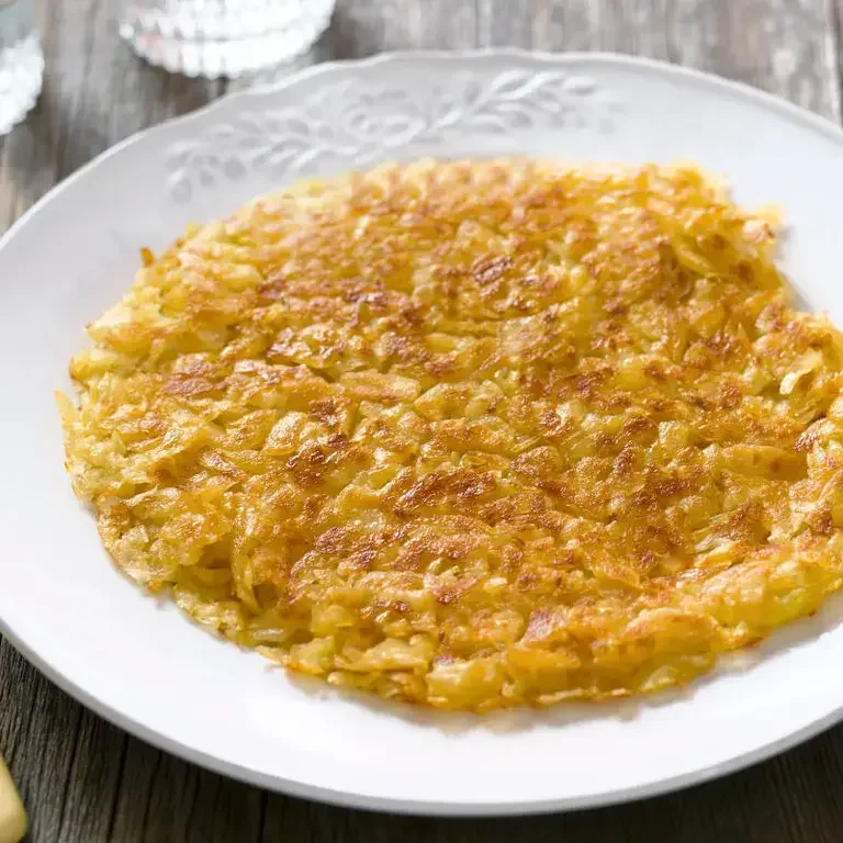 Se invece preferisci cucinare la schiacciata di patate in padella, riscalda un filo d'olio in una padella antiaderente. Stendi il composto nel tegame antiaderente e cuocilo a fuoco medio per circa 10 minuti per lato, finché non sarà ben dorato e croccante su entrambi i lati.
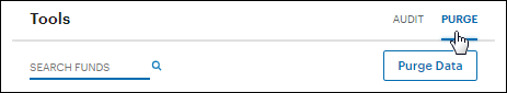 You can purge data for one or more selected funds via the “Purge” tab at upper-right of the “Tools” screen. To access the “Tools” screen, click the corresponding item in the side navigation panel.
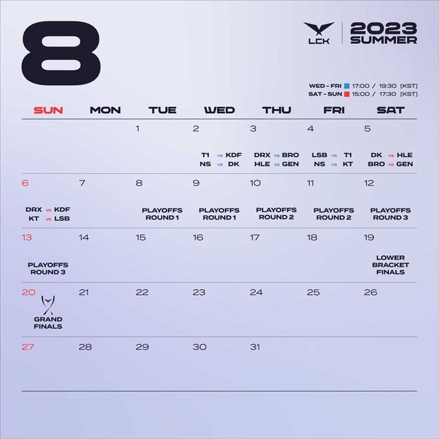 MSI에 출전했던 젠지와 T1은 각각 금요일 1,2경기에 출전하며, 일요일에는 두 팀간의 대결이 예정돼 있다.
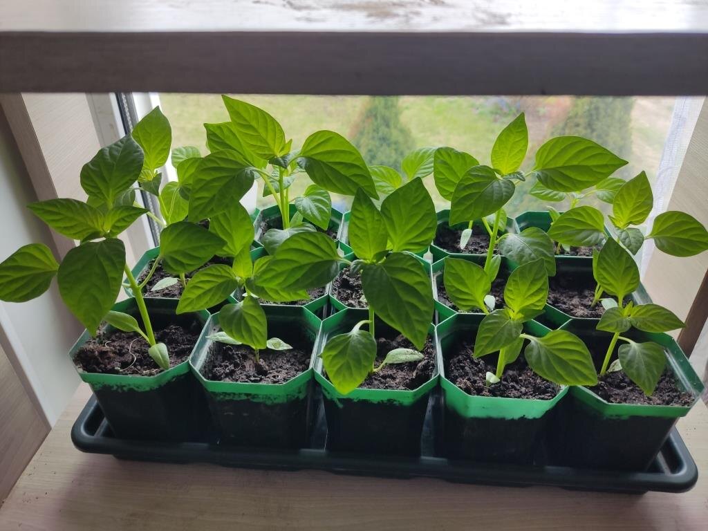 Почему именно так? В чем преимущества данной подвязки? История циклична, это видно даже на том как мы подвязываем перец. Шарахаемся из стороны в сторону, но в итоге снова возвращаемся к прежнему способу подвязки на двойную «бесконечность». Посмотрите, на верхнем фото — моя рассада перца в апреле. Тогда она ещё не знала, что ей предстоит половину мая мерзнуть в теплице, дожидаясь погоды и окончания ночных заморозков. И не знала, что днем её будет выжигать ненормальное для мая солнце, которое вынуждало Хозяйку поливать саженцы по два раза в день. Если вы новичок и мечтаете выращивать перец без подвязки — ничего не получится. Он имеет очень хрупкие и ломкие побеги. А под тяжестью урожая — обязательно будет наклоняться в какую-то одну сторону. Так не бывает, чтобы перчики росли равномерно и пропорционально со всех сторон, соблюдая баланс и равновесие. Хотя было бы неплохо. Но для этого у растений перца должен был бы быть ствол (как у дерева), а не центральный хрупкий побег. Мда... Что-то т
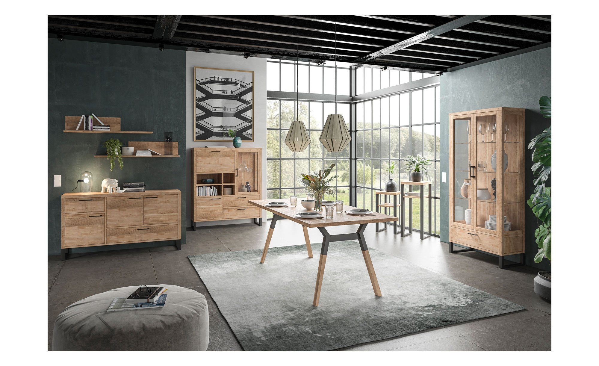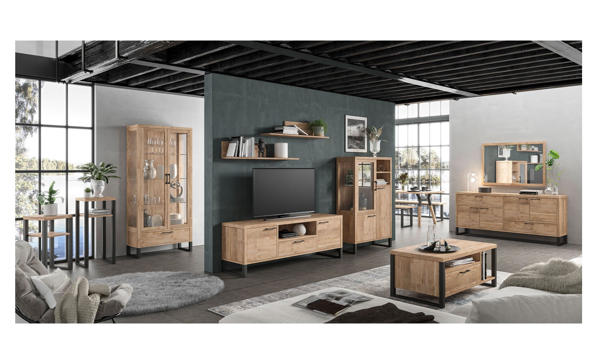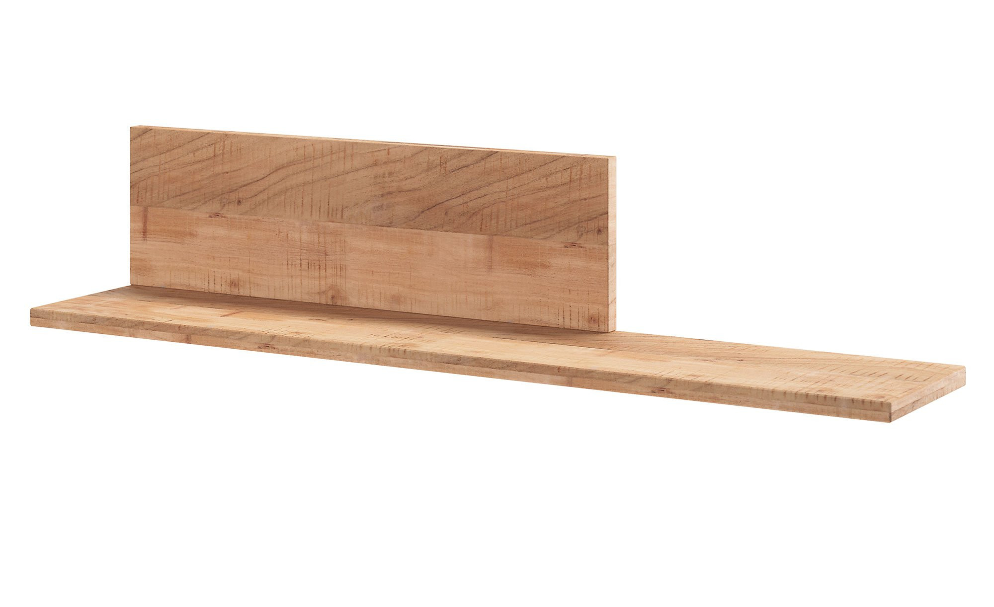 Front und Korpus des ca. 110 x 22 x 22 cm großen Regals bestehen aus Akazienholz. Durch die sägeraue Oberfläche versprüht das linksbündige Möbelstück einen ganz besonderen Charme.
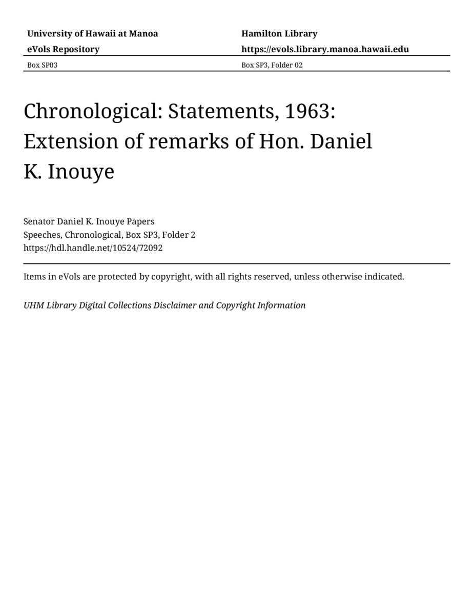 Extension of remarks of Hon. Daniel K. Inouye, 1963, MANUSCRIPT-HCPC00011, Speeches, Chronological, Box SP3, Folder 2, Senator Daniel K. Inouye Papers, Hawaiʻi Congressional Papers Collection, University of Hawaiʻi at Mānoa Library, Honolulu, HI. https://congressarchives.org/catalog/10524_72092 (accessed March 17, 2026).

########################################

### PROMPT
Whenever a line holds a picture, print that line without the picture. All other data must be output exactly.

### YOUR SOLUTION
 Se invece preferisci cucinare la schiacciata di patate in padella, riscalda un filo d'olio in una padella antiaderente. Stendi il composto nel tegame antiaderente e cuocilo a fuoco medio per circa 10 minuti per lato, finché non sarà ben dorato e croccante su entrambi i lati.
 You can purge data for one or more selected funds via the “Purge” tab at upper-right of the “Tools” screen. To access the “Tools” screen, click the corresponding item in the side navigation panel.
 MSI에 출전했던 젠지와 T1은 각각 금요일 1,2경기에 출전하며, 일요일에는 두 팀간의 대결이 예정돼 있다.
 Почему именно так? В чем преимущества данной подвязки? История циклична, это видно даже на том как мы подвязываем перец. Шарахаемся из стороны в сторону, но в итоге снова возвращаемся к прежнему способу подвязки на двойную «бесконечность». Посмотрите, на верхнем фото — моя рассада перца в апреле. Тогда она ещё не знала, что ей предстоит половину мая мерзнуть в теплице, дожидаясь погоды и окончания ночных заморозков. И не знала, что днем её будет выжигать ненормальное для мая солнце, которое вынуждало Хозяйку поливать саженцы по два раза в день. Если вы новичок и мечтаете выращивать перец без подвязки — ничего не получится. Он имеет очень хрупкие и ломкие побеги. А под тяжестью урожая — обязательно будет наклоняться в какую-то одну сторону. Так не бывает, чтобы перчики росли равномерно и пропорционально со всех сторон, соблюдая баланс и равновесие. Хотя было бы неплохо. Но для этого у растений перца должен был бы быть ствол (как у дерева), а не центральный хрупкий побег. Мда... Что-то т
 Front und Korpus des ca. 110 x 22 x 22 cm großen Regals bestehen aus Akazienholz. Durch die sägeraue Oberfläche versprüht das linksbündige Möbelstück einen ganz besonderen Charme.
 Extension of remarks of Hon. Daniel K. Inouye, 1963, MANUSCRIPT-HCPC00011, Speeches, Chronological, Box SP3, Folder 2, Senator Daniel K. Inouye Papers, Hawaiʻi Congressional Papers Collection, University of Hawaiʻi at Mānoa Library, Honolulu, HI. https://congressarchives.org/catalog/10524_72092 (accessed March 17, 2026).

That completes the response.